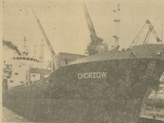
Statek M/S „Chorzów” podczas postoju na nabrzeżu katowickim w Szczecinie.

Najpierw nadeszła wiadomość z angielskiego miasta Glasgow, iż 19 stycznia 1980 roku tamtejszą stocznice opuścił nowy masowiec Polskiej Żeglugi Morskiej — M/S „Chorzów”, wybudowany w ramach polsko-angielskiej spółki żeglugowej. Jego trasa wiodła do francuskiego portu Rouen. Dodajmy, iż M/S „Chorzów” jest szóstym statkiem z serii 15 podobnych, które w br. zasilą flotę PZM, posiada nośność 4.400 ton i jest przystosowany do przewożenia suchych ładunków masowych: węgla, rudy oraz... zboża. Zgodnie z planami PZM statek będzie pływ-
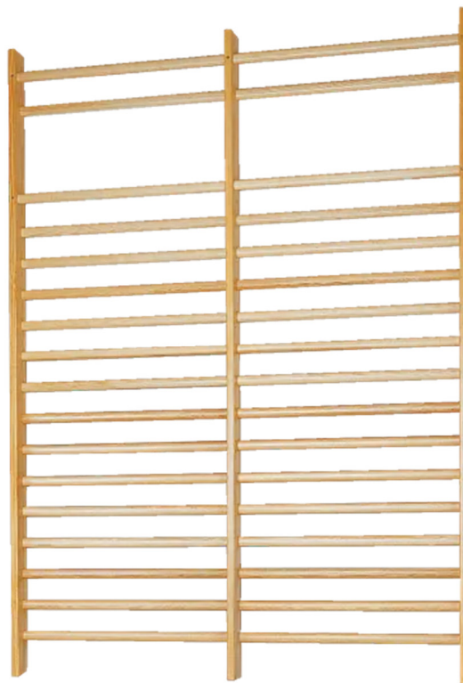
Abb. 1: Sport-Thieme Sprossenwand

Bewahren Sie die Anleitung gut auf. Für Fragen und Wünsche stehen wir Ihnen gerne zur Verfügung.
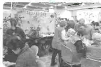
もみじふれあい元気塾♪ フラワーアレンジメントです
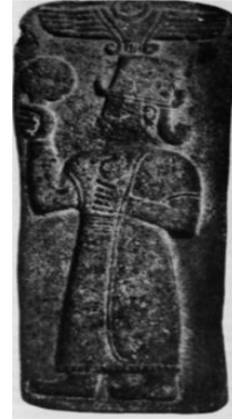
Levha 4: Birecik Kubaba Kabartması Akurgal 1961: Abb.115

yola çıkarak, bu betimlerde yer alan meyvenin uzun saplı olması, elde tutulma şekli ve taç yapısına dikkat çekilerek, bunların nar olmayıp, haşhaş olabileceği ihtimali üzerinde durmuştur (Levha 3-4). Hnila, haşhaş ve nar tasvirlerinin sıklıkla birbirine karıştırıldığını, daha önce nar olarak kabul edilen birkaç tasvirin, haşhaş olarak
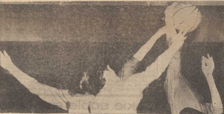
KTO wyżej, szybciej, skuteczniej.

SZTUKA kołowana opanowana na lekcejach w tutaj nie wystarcza. Potrzebna jest maksymalna koncentracja by utrzymać w ryzach „niesfornej“ piłkę.
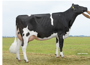
Midwolder Marjon 109 VG-85 VG-85
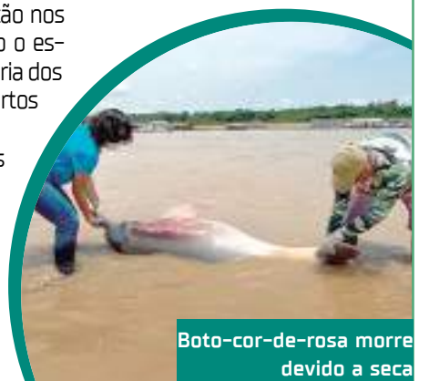
Boto-cor-de-rosa morre devido a seca

Para contornar os efeitos drásticos, os governantes e a esfera federal se uniram para atender as necessidades dos amazonenses afetados pela estiagem.
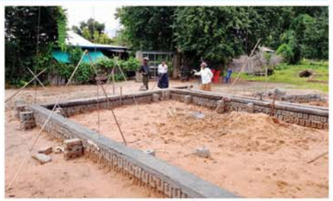
ဦးစီးအရာရှိ ဒေါ်မေသက်နွယ်နှင့် လိုအပ်သည်များ ဆွေးနွေးမှာကြားခဲ့ကြောင်း သိရသည်။ အဆိုပါ ကျေးရွာစာကြည့်တိုက် ဆောက်လုပ်ရန်အတွက် ပဏာမတင်မင်္ဂလာကို စက်တင်ဘာ ၂၈ ရက်က မြို့နယ်စီမံအုပ်ချုပ်ရေး အဖွဲ့ဥက္ကဋ္ဌနှင့် အဖွဲ့ဝင်များ တက်ရောက် ဆောင်ရွက်ပေးခဲ့ခြင်းဖြစ်ပြီး ယခုအခါ အောက်ခံခုံ (Foundation) ပြီးစီးပြီဖြစ်၍ အဆောက်အအုံ ဆောက်လုပ်ရန်အတွက် အောက်ခံခုံ (Foundation) ပြီးစီးမှုအခြေအနေအား သွားရောက်ကြည့်ရှု စစ်ဆေးခဲ့ကြပြီး ကျေးရွာစာကြည့်တိုက်ကော်မတီဝင်များနှင့် တွေ့ဆုံ၍

ကျောက်ပန်းတောင်း အောက်တိုဘာ ၅ မန္တလေးတိုင်းဒေသကြီး၊ ကျောက်ပန်းတောင်းမြို့နယ် လယ်ယားတောင်ကျေးရွာအုပ်စု၊ တောင်ခြေကျေးရွာတွင် ကျေးရွာစာကြည့်တိုက် ဆောက်လုပ်ရန်အတွက် အဆောက်အအုံ အောက်ခံခုံ (Foundation) ပြီးစီးမှုအား အောက်တိုဘာ ၄ ရက် မွန်းလွဲ ၂ နာရီက ပြန်ကြားရေးနှင့် ပြည်သူ့ဆက်ဆံရေးဦးစီးဌာန မြို့နယ်ဦးစီးအရာရှိမှ သွားရောက်ကြည့်ရှုစစ်ဆေးခဲ့ကြောင်း သိရသည်။ ပြန်ကြားရေးနှင့် ပြည်သူ့ဆက်ဆံရေးဦးစီးဌာန၊ မြို့နယ်
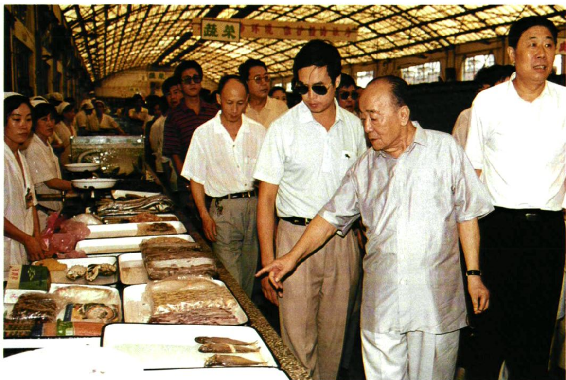
1994年7月20日，原国家主席杨尚昆视察沈阳市皇姑区北行农贸市场
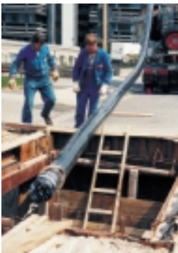
Verlegung einer doppelwandigen Rohrleitung vom Typ FLEXWELL-Sicherheitsrohr®
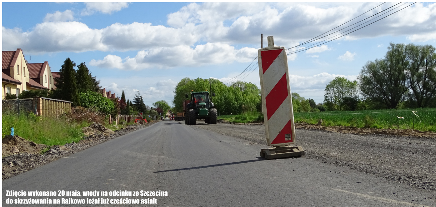
Zdjęcie wykonano 20 maja, wtedy na odcinku ze Szczecina do skrzyżowania na Rajkowo leżał już częściowo asfalt
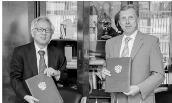
а также внедрении новых технологий, научных разработок и проектов в области управления и экономики.
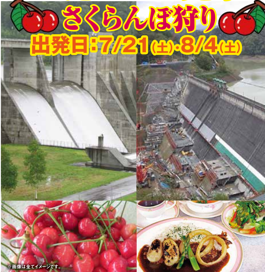
※画像は全てイメージです。
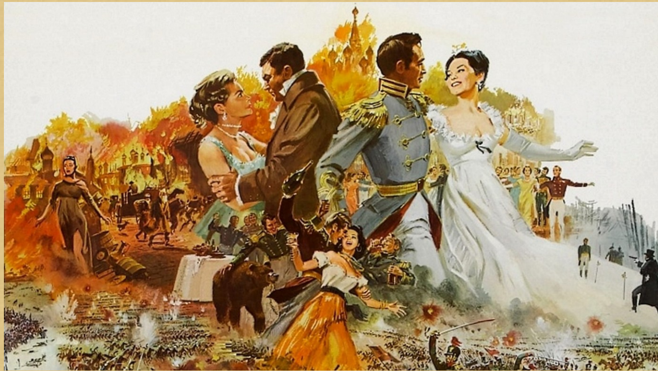
Сцены из «Войны и мира»
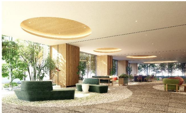
【エントランスラウンジ完成予想 CG】
------------------------------------------------------------
▶ **What the exercise asks**: Please copy the lines above exactly, starting at the line that holds "ကျောက်ပန်းတောင်း အောက်တိုဘာ ၅" and ending at the line that holds "1994年7月20日，原国家主席杨尚昆视察沈阳市皇姑区北行农贸市场"; include both, but no pictures.

▶ **Expected answer**:
ကျောက်ပန်းတောင်း အောက်တိုဘာ ၅ မန္တလေးတိုင်းဒေသကြီး၊ ကျောက်ပန်းတောင်းမြို့နယ် လယ်ယားတောင်ကျေးရွာအုပ်စု၊ တောင်ခြေကျေးရွာတွင် ကျေးရွာစာကြည့်တိုက် ဆောက်လုပ်ရန်အတွက် အဆောက်အအုံ အောက်ခံခုံ (Foundation) ပြီးစီးမှုအား အောက်တိုဘာ ၄ ရက် မွန်းလွဲ ၂ နာရီက ပြန်ကြားရေးနှင့် ပြည်သူ့ဆက်ဆံရေးဦးစီးဌာန မြို့နယ်ဦးစီးအရာရှိမှ သွားရောက်ကြည့်ရှုစစ်ဆေးခဲ့ကြောင်း သိရသည်။ ပြန်ကြားရေးနှင့် ပြည်သူ့ဆက်ဆံရေးဦးစီးဌာန၊ မြို့နယ်
1994年7月20日，原国家主席杨尚昆视察沈阳市皇姑区北行农贸市场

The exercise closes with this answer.